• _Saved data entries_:

--- START ---

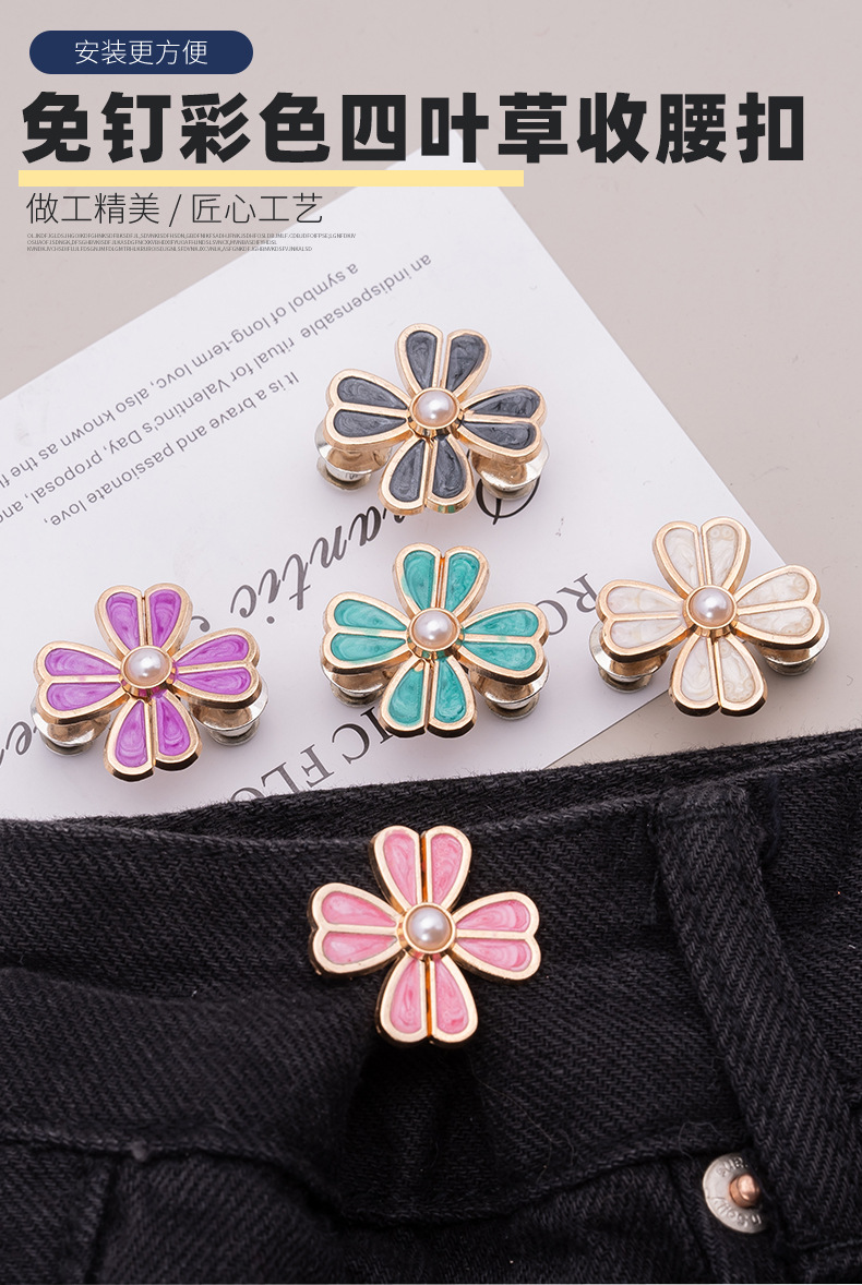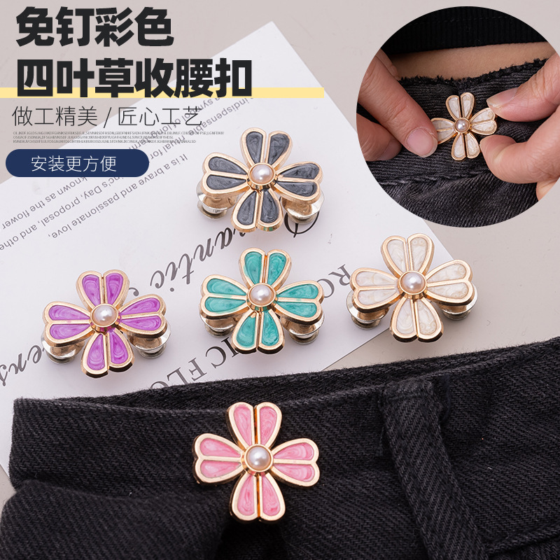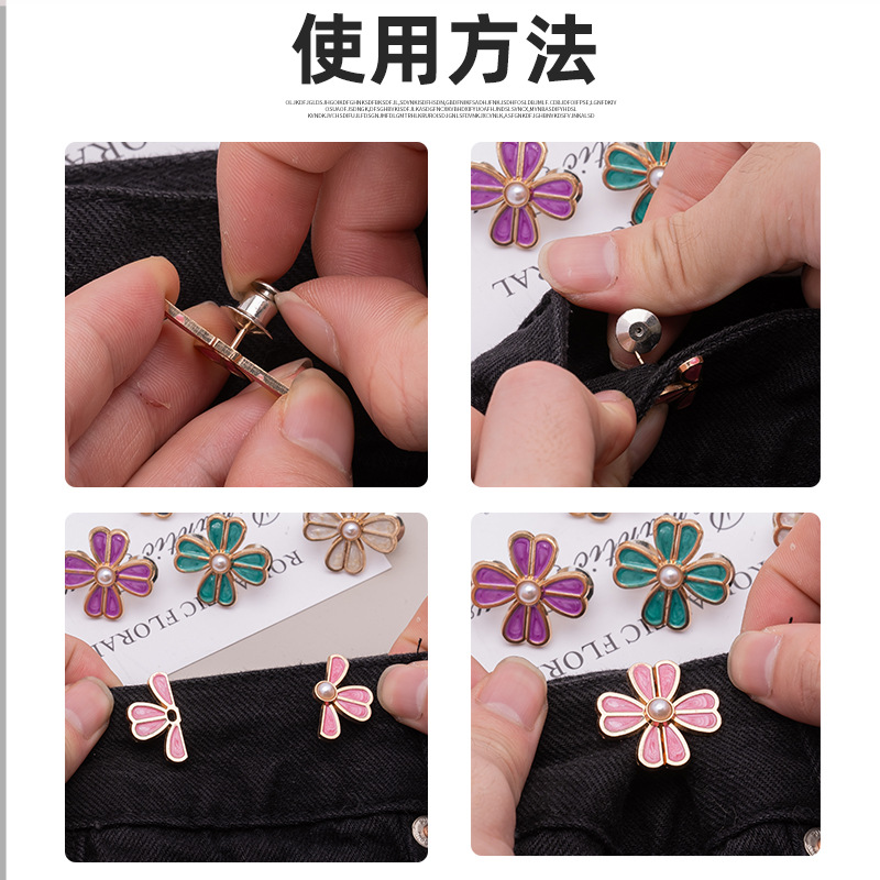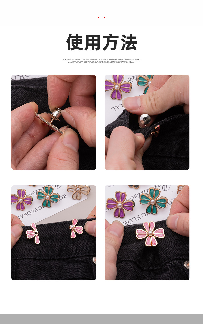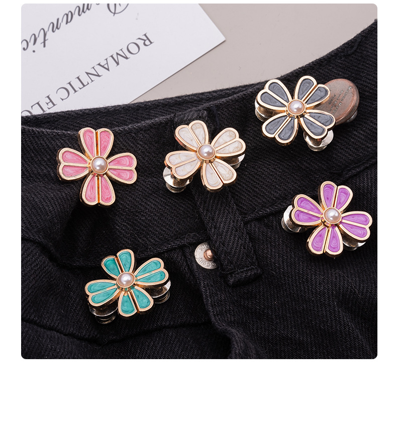 Джинсы с цветочной пуговицей на талии, пуговицы от больших до маленьких, без шитья, без гвоздей, невидимая пряжка на талии, регулируемая пряжка на талии.
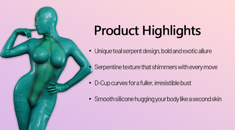 • Serpentine Texture D-Cup Silicone Bodysuit – Teal Edition
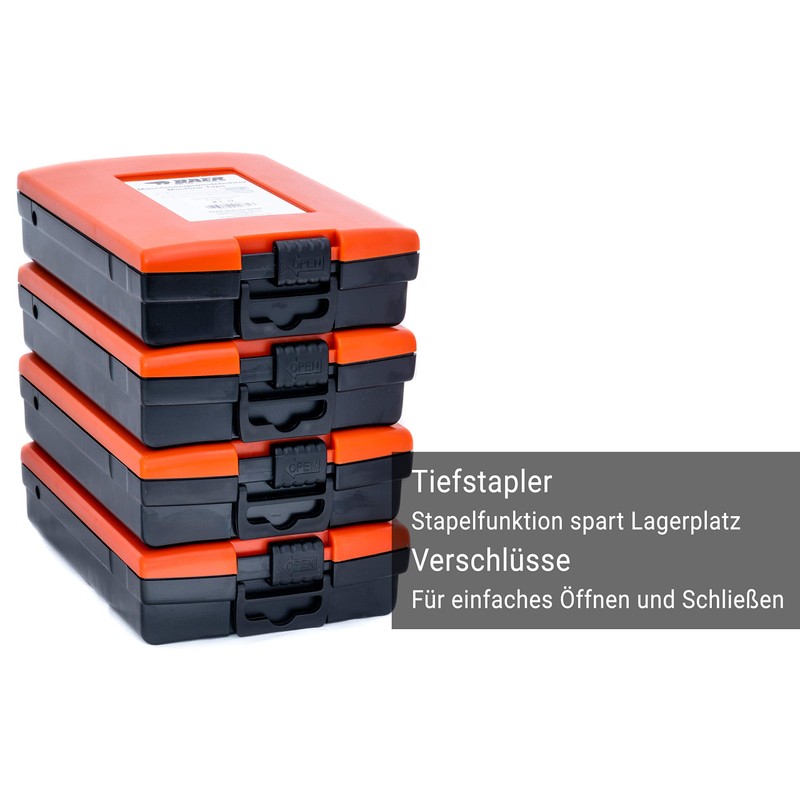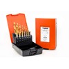 - Box contents: the tap and die set consists of 7 machine taps from M 3 to M 12 and 7 HSS/TIN core hole drills.
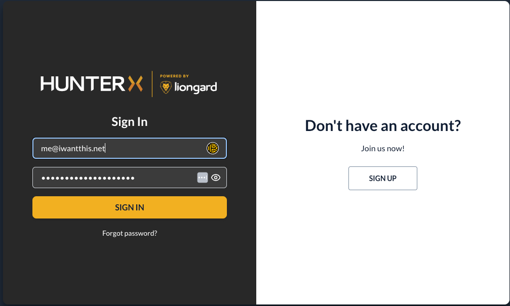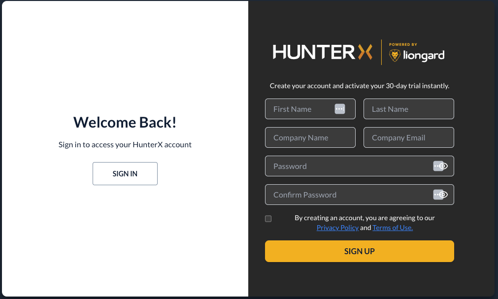 - I am a non-partner and wish to create a new HunterX instance: follow the sign-up procedure below, for New HunterX User (Non-Liongard partner).
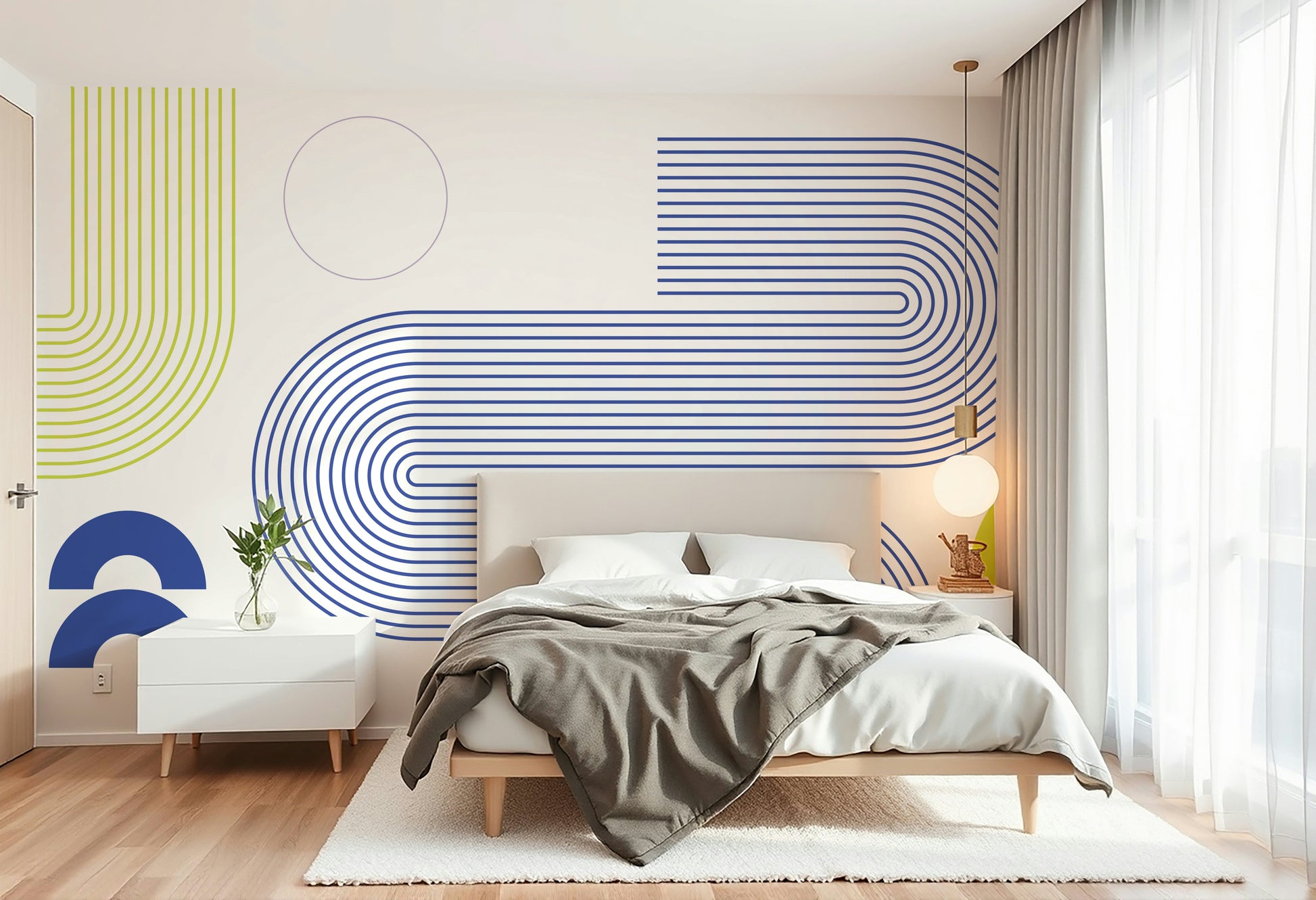 Experience the serene elegance of 'Minimalist Bauhaus Flow,' a wallpaper design that embodies the principles of form and function. Clean lines in calming blue and subtle lime green create a dynamic yet balanced composition. Interlocking curves and parallel lines evoke a sense of effortless movement and visual rhythm, characteristic of Bauhaus aesthetics. The minimalist palette and geometric shapes offer a sophisticated backdrop for any room, promoting a feeling of calm and focus. This wallpaper is a perfect blend of modern design and timeless sophistication, bringing a touch of artistic flow to your space.
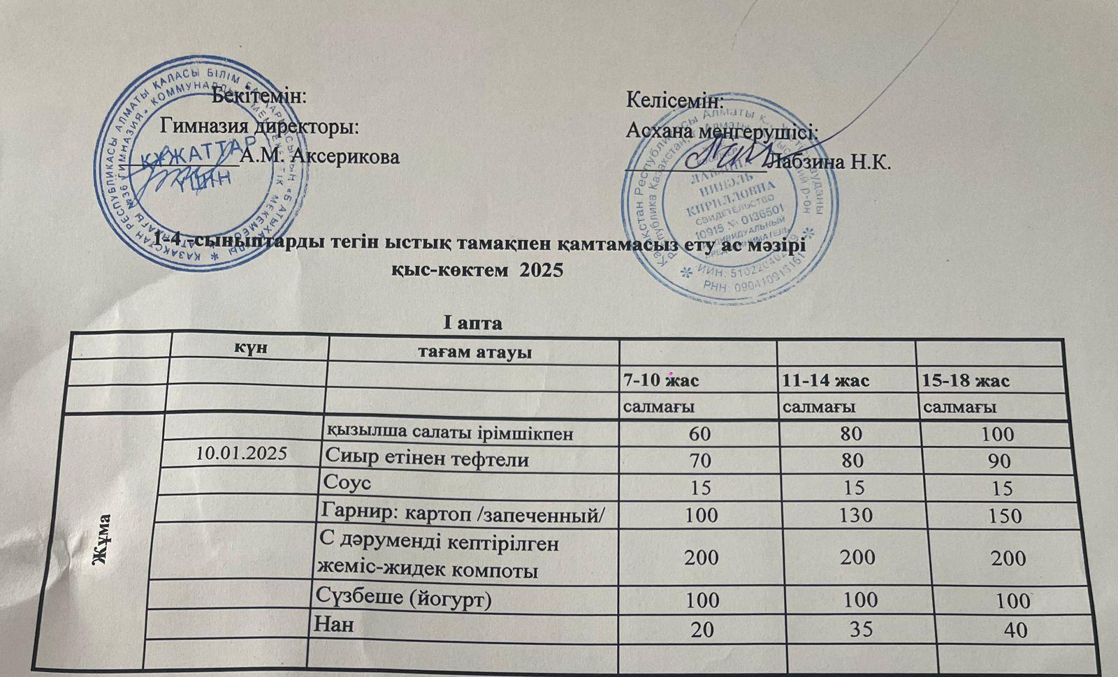 Ас мәзірі 2024-2025
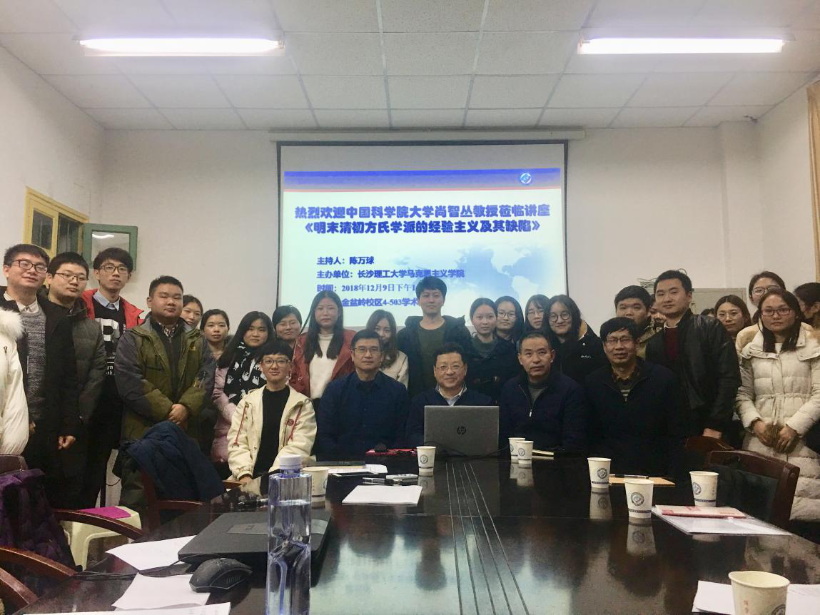 2018年12月9日下午2点半,中国科学院大学人文学院教授、博士生导师,中国自然辩证法研究会副理事长、秘书长,《自然辩证法研究》执行主编尚智丛教授应邀来到2025年新澳门原料网站马克思主义学院,主讲了题为“明末清初方氏学派的经验主义认识论及其缺陷”的学术报告。马克思主义学院陈万球院长、院教授委员会余乃忠主任、部分教师和研究生参加了此次讲座。讲座由陈万球教授主持。

--- END ---

Word for word, write out the lines above running from the one with "- Box contents: the" up to and including the one with "Ас мәзірі 2024-2025". Drop any picture.

• _Worked solution_:
 - Box contents: the tap and die set consists of 7 machine taps from M 3 to M 12 and 7 HSS/TIN core hole drills.
 - I am a non-partner and wish to create a new HunterX instance: follow the sign-up procedure below, for New HunterX User (Non-Liongard partner).
 Experience the serene elegance of 'Minimalist Bauhaus Flow,' a wallpaper design that embodies the principles of form and function. Clean lines in calming blue and subtle lime green create a dynamic yet balanced composition. Interlocking curves and parallel lines evoke a sense of effortless movement and visual rhythm, characteristic of Bauhaus aesthetics. The minimalist palette and geometric shapes offer a sophisticated backdrop for any room, promoting a feeling of calm and focus. This wallpaper is a perfect blend of modern design and timeless sophistication, bringing a touch of artistic flow to your space.
 Ас мәзірі 2024-2025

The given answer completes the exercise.